Вставать не хотелось. Но в памяти смутно теплилось какое-то радостное событие. Что-то случилось вчера. Ну конечно, переезд, дача! Но не только это. Что-то еще… Но что?

Сеня потянулась, протерла глаза. Какое счастье, каникулы! Столько впереди интересного! Она ведь ещё толком дом не осмотрела, окрестности не разведала. Говорят, тут и лес, и речка, и какой-то овраг с остатками древней кладки… Все-таки кое-что она вчера увидала: сады чудо как хороши! Только вот… стоп! Что-то ей помешало. Опасность какая-то. Люк!

Сеня рывком соскочила с кровати.

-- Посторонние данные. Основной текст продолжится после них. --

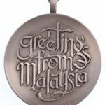 Malajzia DN ‘Üdvözlet Malajziából’ kétoldalas fém érem láncon, eredeti ‘Royal Selangor’ tokban (38mm) T:1,1- Malaysia DN ‘Greetings from Malaysia’ two-sided metal medallion on chain, in original ‘Royal Selangor’ case (38mm) C:UNC,AU
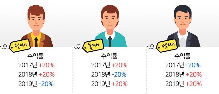 아들들은 ‘3년 중에 2년은 +20% 수익을 냈으니, 한 번 정도 –20%의 손실은 큰 문제가 없을 거야. 난 충분히 후계자가 될 수 있을 거야’라고 자신만만해 했습니다.
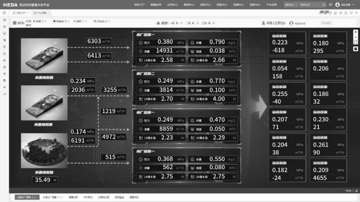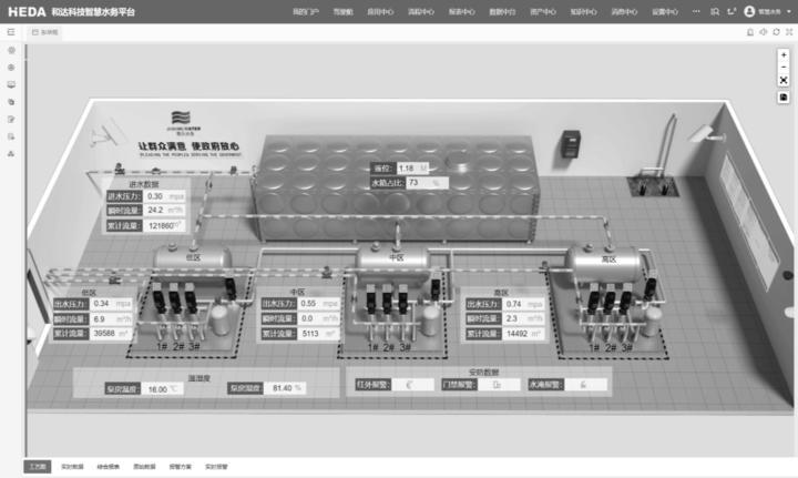 利用物联网感知、智能控制、虚拟现实、AI算法等技术,实现二次供水泵房全方位、多角度、高效率运营管理,构建运营总览、业务领域、专题分析等功能板块,提升数字管理效益。通过城市二次加压泵房的中央集中监控、无人巡检、自动报警、能耗分析等方式,缩短二次供水泵房的维护管理响应时间,降低二次供水泵房的设备故障率,有效降低管理运营成本,提高企业对二次供水泵房管理水平,更好地保证居民供水的“最后一公里”的用水质与量。
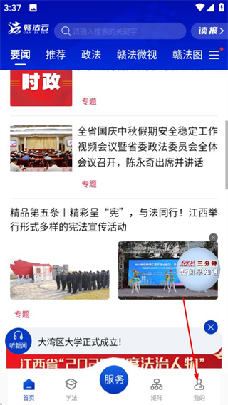 1、在赣法云首页,点击底部的我的选项,进入个人中心页面。
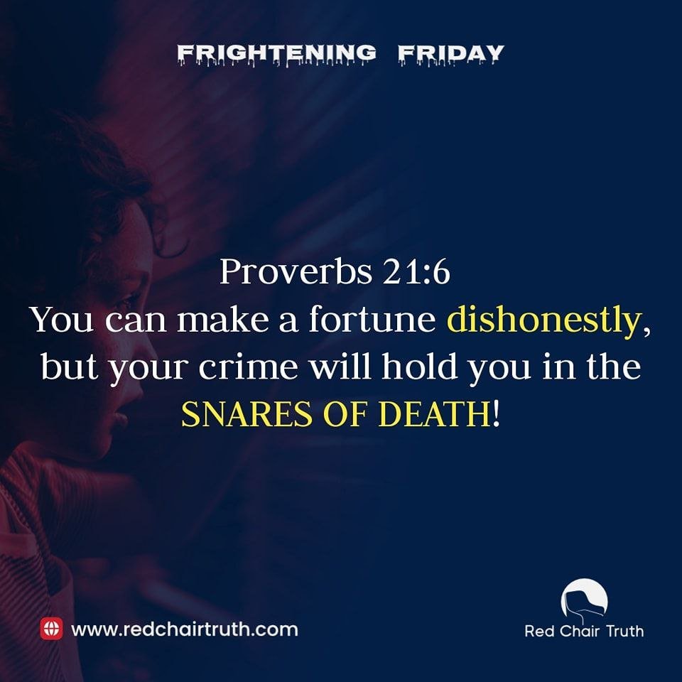 You can make a fortune dishonestly, but your crime will hold you in the SNARES OF DEATH!
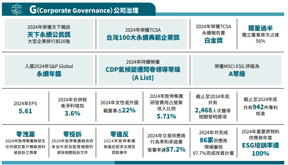 - 連續5年榮獲天下雜誌企業永續公民獎前20強

Ночные её приключения разом ожили в памяти. Да нет, этого не могло быть, это наверное сон! Домовой, тени огня на стене… Сон! Точно, это был сон. Но какой удивительный…

Сеня раздернула занавески, выглянула в сад. Маргаритки! И какой-то неведомый куст, весь усыпанный кружевными розовыми цветами, да так густо, что листьев не видно… Надо срочно понюхать!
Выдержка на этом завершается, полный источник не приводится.